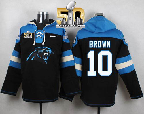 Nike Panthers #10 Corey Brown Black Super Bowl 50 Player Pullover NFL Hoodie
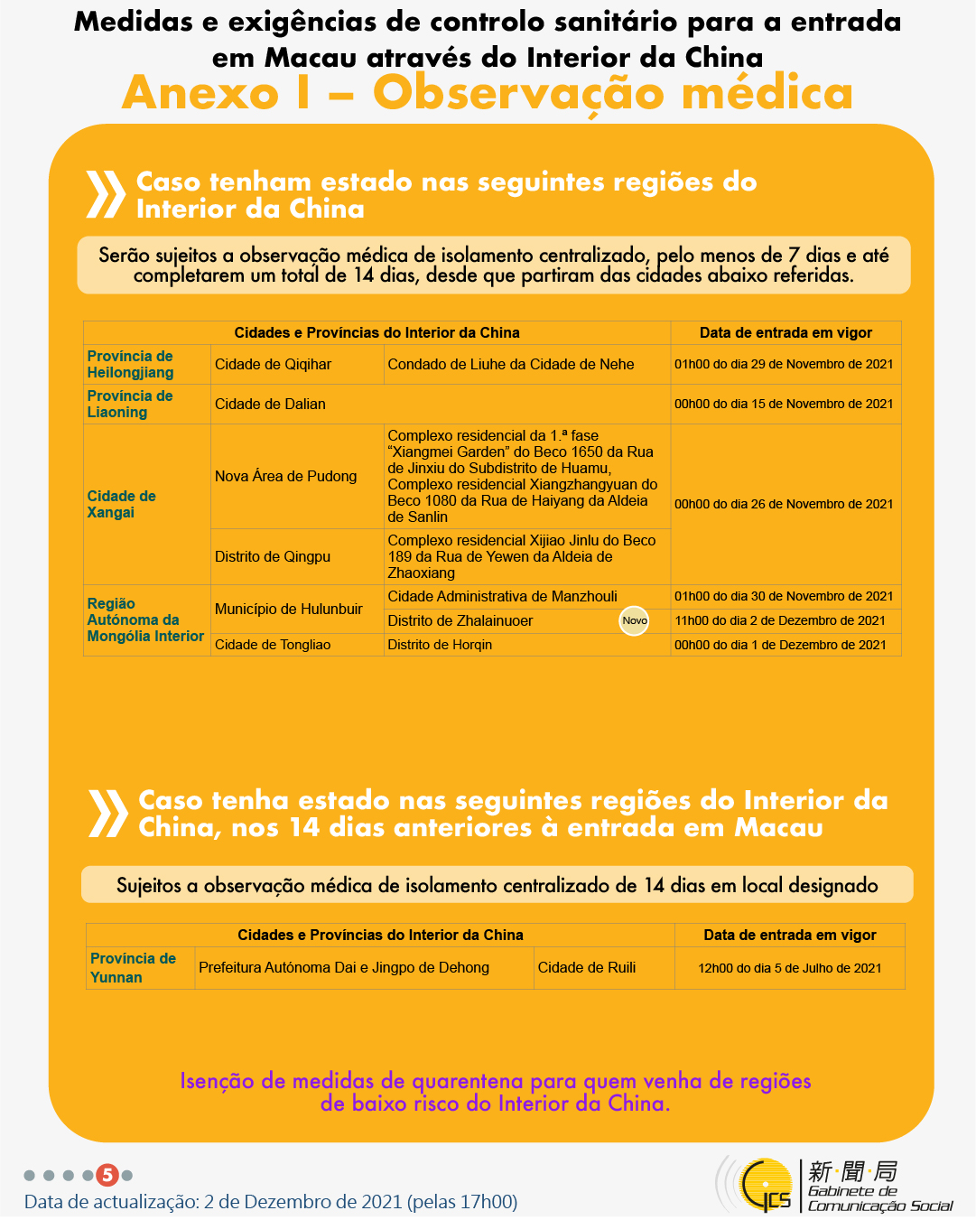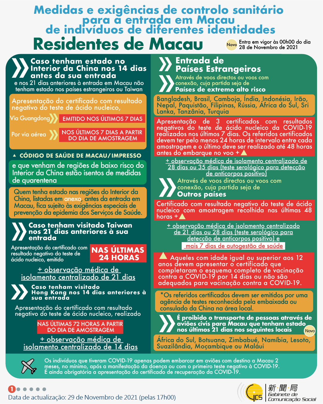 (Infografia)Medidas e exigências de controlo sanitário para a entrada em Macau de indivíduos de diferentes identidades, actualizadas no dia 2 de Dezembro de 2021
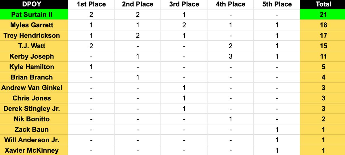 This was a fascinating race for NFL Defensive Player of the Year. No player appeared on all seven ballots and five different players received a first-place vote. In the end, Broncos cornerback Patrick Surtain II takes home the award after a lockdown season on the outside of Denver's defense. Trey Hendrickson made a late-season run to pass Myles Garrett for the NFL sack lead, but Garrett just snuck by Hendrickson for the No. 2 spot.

************

• _What the task asks_:
Ending at the line with "(Infografia)Medidas e exigências", reproduce exactly the lines that begin at the top of the data, and include no pictures.

• _Expected answer_:
 Nike Panthers #10 Corey Brown Black Super Bowl 50 Player Pullover NFL Hoodie
 (Infografia)Medidas e exigências de controlo sanitário para a entrada em Macau de indivíduos de diferentes identidades, actualizadas no dia 2 de Dezembro de 2021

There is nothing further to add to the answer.